Available data:
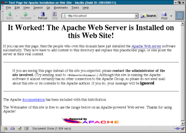 Una vez realizada la instalación, Apache queda listo para trabajar. Podemos comprobar que funciona tecleando en nuestro navegador favorito http://192.168.1.1 se nos mostrará entonces una pantalla de bienvenida del servidor (It worked!), síntoma de que hemos contactado con él y se encuentra funcionando.
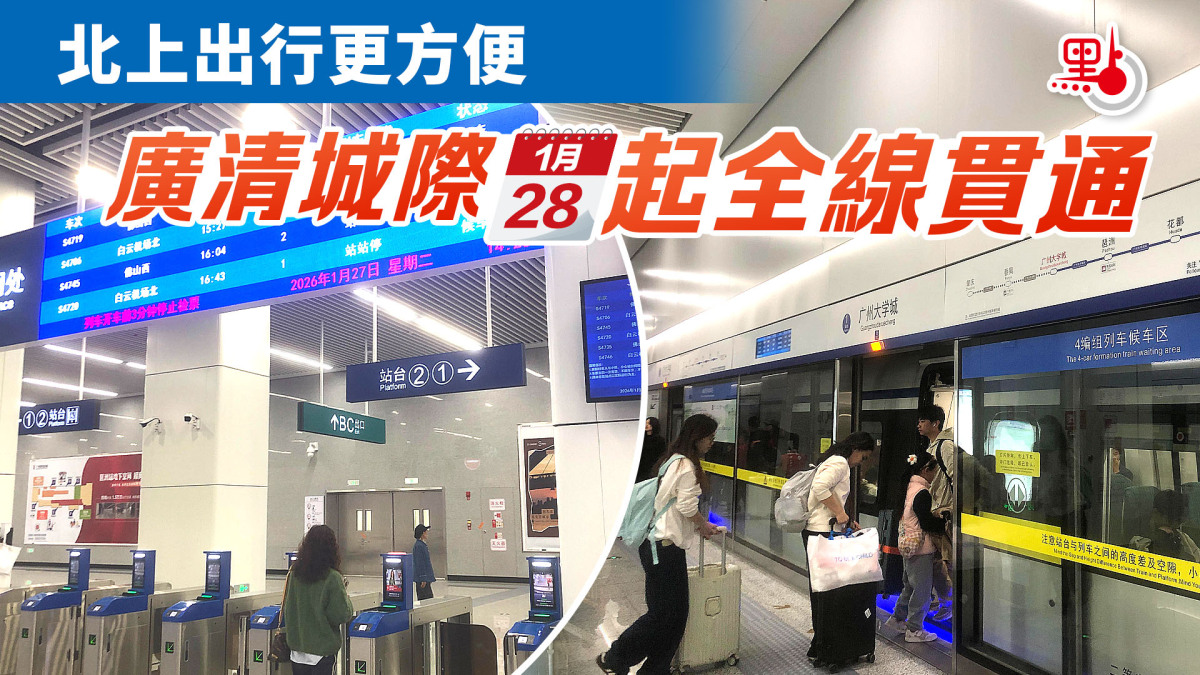 【點新聞報道】灣區往返粵北地區新增城際鐵路,港人北上粵北出行更方便。明日(28日)起,廣清城際鐵路南延線正式開通運營,也意味着廣清城際全線貫通。廣清城際將採用「站站停+大站快車」公交化運營模式,廣州白雲站與廣州北站兩大樞紐實現16分鐘互通。屆時,由廣東城際運營公司運營的城際鐵路里程增至442.5公里,實現嶺南通與香港八達通聯名卡等多種支付方式「刷卡即進、進站即走」,「軌道上的大灣區」進一步完善成型。
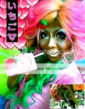 Before her old camera broke she has LOADS of pictures with people with crazy outfits, makeup, hair, stuff like that. She remembers getting her friends to help her once when she was in high school. They had a picture taken wtih a guy with a black and green mohawk. XD XD It was awesome.
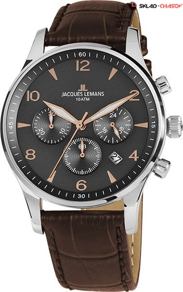 Кварцевый хронограф. Смещенная секундная стрелка (положение 6 часов). Окошко даты. Суточный индикатор (1-24 часа) в положении 3 часа. Центральная стрелка хронографа и минутный накопитель в положении 9 часов. Максимальное время измерения 39 минут 59 секунд. • Точность хода не хуже -/+ 20 сек./в месяц. • Минеральное стекло устойчивое к возникновению царапин. • Корпус из высококачественного стального сплава 316L с высокими антикоррозийными свойствами. • Водозащита до 10 АТМ. • Кожаный ремешок. • Диаметр корпуса 40 мм.
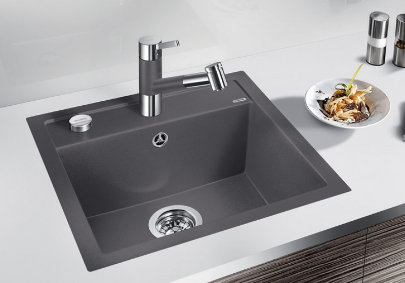 Die Spüle Blancodalago 5-F ist in den Farbvarianten "anthrazit", "felsgrau", "alumetallic", "weiß", "jasmin" und "cafe" erhältlich.
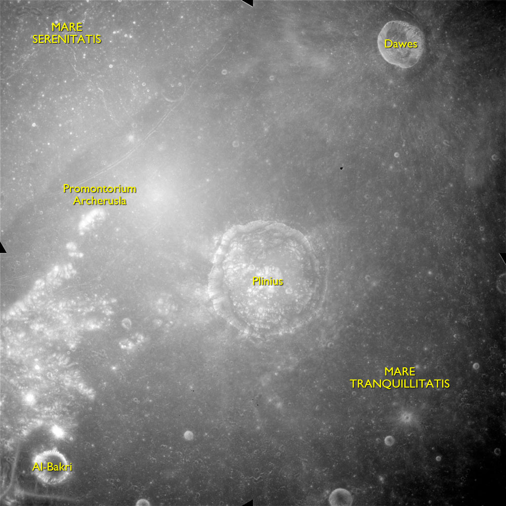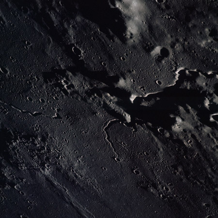 They have good reason to be concentrating on this region as it is one of the most spectacular on the Moon and one to which they will return later in the mission. Aristarchus itself is perhaps the brightest large crater on the near side and is visible with the naked eye, even in the gloom of Earthshine. It was formed about half a billion years ago on a large plateau that is the source of a great many sinuous rilles, large and small. These were cut by flowing lava in much the same way as Hadley Rille was formed, when they fed the expanse of Oceanus Procellarum surrounding the plateau. Often these rilles begin in crater-like bowl-shaped depressions, including the largest, Vallis Schröteri or Schröter's Valley. The landscape around Aristarchus is probably more than six times older than the crater itself.
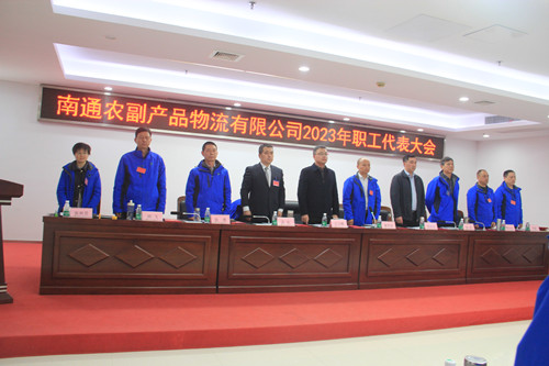 在莊嚴的《國歌》聲中,通農物流2023年職工代表大會圓滿落幕。(綜合部 施光楠)
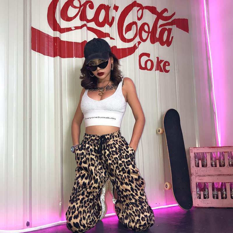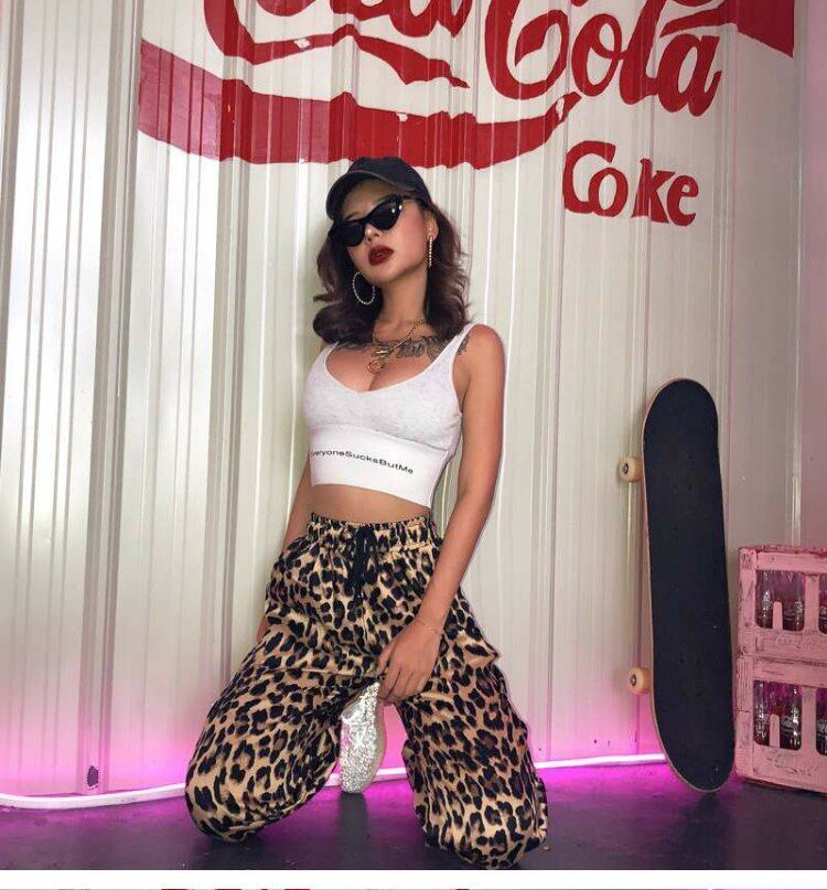 スプリングサマーレオパードプリント柄ハイウェストウェストパンツ 春物 夏物 9/24 ナイトウェア mi1117188649304

The task:
Write out the listing above in full, word for word, with no pictures.

Solution below:
 Una vez realizada la instalación, Apache queda listo para trabajar. Podemos comprobar que funciona tecleando en nuestro navegador favorito http://192.168.1.1 se nos mostrará entonces una pantalla de bienvenida del servidor (It worked!), síntoma de que hemos contactado con él y se encuentra funcionando.
 【點新聞報道】灣區往返粵北地區新增城際鐵路,港人北上粵北出行更方便。明日(28日)起,廣清城際鐵路南延線正式開通運營,也意味着廣清城際全線貫通。廣清城際將採用「站站停+大站快車」公交化運營模式,廣州白雲站與廣州北站兩大樞紐實現16分鐘互通。屆時,由廣東城際運營公司運營的城際鐵路里程增至442.5公里,實現嶺南通與香港八達通聯名卡等多種支付方式「刷卡即進、進站即走」,「軌道上的大灣區」進一步完善成型。
 Before her old camera broke she has LOADS of pictures with people with crazy outfits, makeup, hair, stuff like that. She remembers getting her friends to help her once when she was in high school. They had a picture taken wtih a guy with a black and green mohawk. XD XD It was awesome.
 Кварцевый хронограф. Смещенная секундная стрелка (положение 6 часов). Окошко даты. Суточный индикатор (1-24 часа) в положении 3 часа. Центральная стрелка хронографа и минутный накопитель в положении 9 часов. Максимальное время измерения 39 минут 59 секунд. • Точность хода не хуже -/+ 20 сек./в месяц. • Минеральное стекло устойчивое к возникновению царапин. • Корпус из высококачественного стального сплава 316L с высокими антикоррозийными свойствами. • Водозащита до 10 АТМ. • Кожаный ремешок. • Диаметр корпуса 40 мм.
 Die Spüle Blancodalago 5-F ist in den Farbvarianten "anthrazit", "felsgrau", "alumetallic", "weiß", "jasmin" und "cafe" erhältlich.
 They have good reason to be concentrating on this region as it is one of the most spectacular on the Moon and one to which they will return later in the mission. Aristarchus itself is perhaps the brightest large crater on the near side and is visible with the naked eye, even in the gloom of Earthshine. It was formed about half a billion years ago on a large plateau that is the source of a great many sinuous rilles, large and small. These were cut by flowing lava in much the same way as Hadley Rille was formed, when they fed the expanse of Oceanus Procellarum surrounding the plateau. Often these rilles begin in crater-like bowl-shaped depressions, including the largest, Vallis Schröteri or Schröter's Valley. The landscape around Aristarchus is probably more than six times older than the crater itself.
 在莊嚴的《國歌》聲中,通農物流2023年職工代表大會圓滿落幕。(綜合部 施光楠)
 スプリングサマーレオパードプリント柄ハイウェストウェストパンツ 春物 夏物 9/24 ナイトウェア mi1117188649304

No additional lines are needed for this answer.